We have previously observed that in vivo exposure to growing melanoma tumors fundamentally alters activated T cell homeostasis by suppressing the ability of naïve T cells to undergo antigen-driven proliferative expansion. We hypothesized that exposure of T cells in later stages of differentiation to melanoma would have similar suppressive consequences. C57BL/6 mice were inoculated with media or syngeneic B16F10 melanoma tumors 8 or 60 days after infection with lymphocytic choriomeningitis virus (LCMV), and splenic populations of LCMV-specific T cells were quantified using flow cytometry 18 days after tumor inoculation. Inoculation with melanoma on post-infection day 8 potentiated the contraction of previously activated T cells.
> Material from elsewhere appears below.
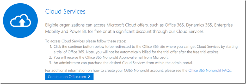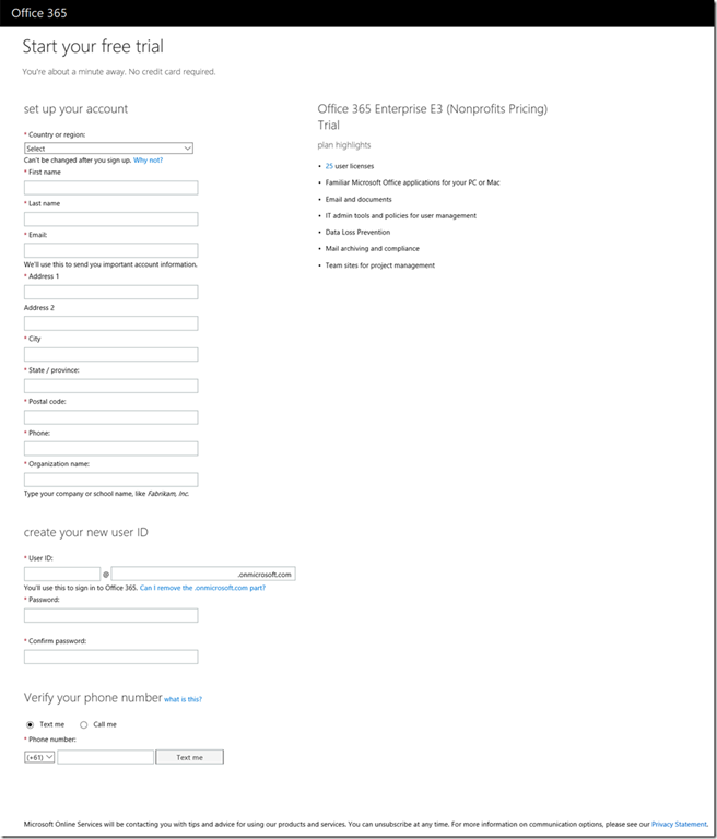 Fill out the Office 365 Registration form. You’ll see that it configures it for Office 365 Enterprise E3 (Nonprofits Pricing) Trial which may not be the subscription you want, but you can change it later.

This enhanced contraction was associated with increased apoptotic susceptibility among T cells from tumor-bearing mice. In contrast, inoculation with melanoma on post-infection day 60 did not affect the ability of previously established memory T cells to maintain themselves in stable numbers. In addition, the ability of previously established memory T cells to respond to LCMV challenge was unaffected by melanoma. Following adoptive transfer into melanoma-bearing mice, tumor-specific memory T cells were significantly more effective at controlling melanoma growth than equivalent numbers of tumor-specific effector T cells. These observations suggest that memory T cells are uniquely resistant to suppressive influences exerted by melanoma on activated T cell homeostasis; these findings may have implications for T cell-based cancer immunotherapy.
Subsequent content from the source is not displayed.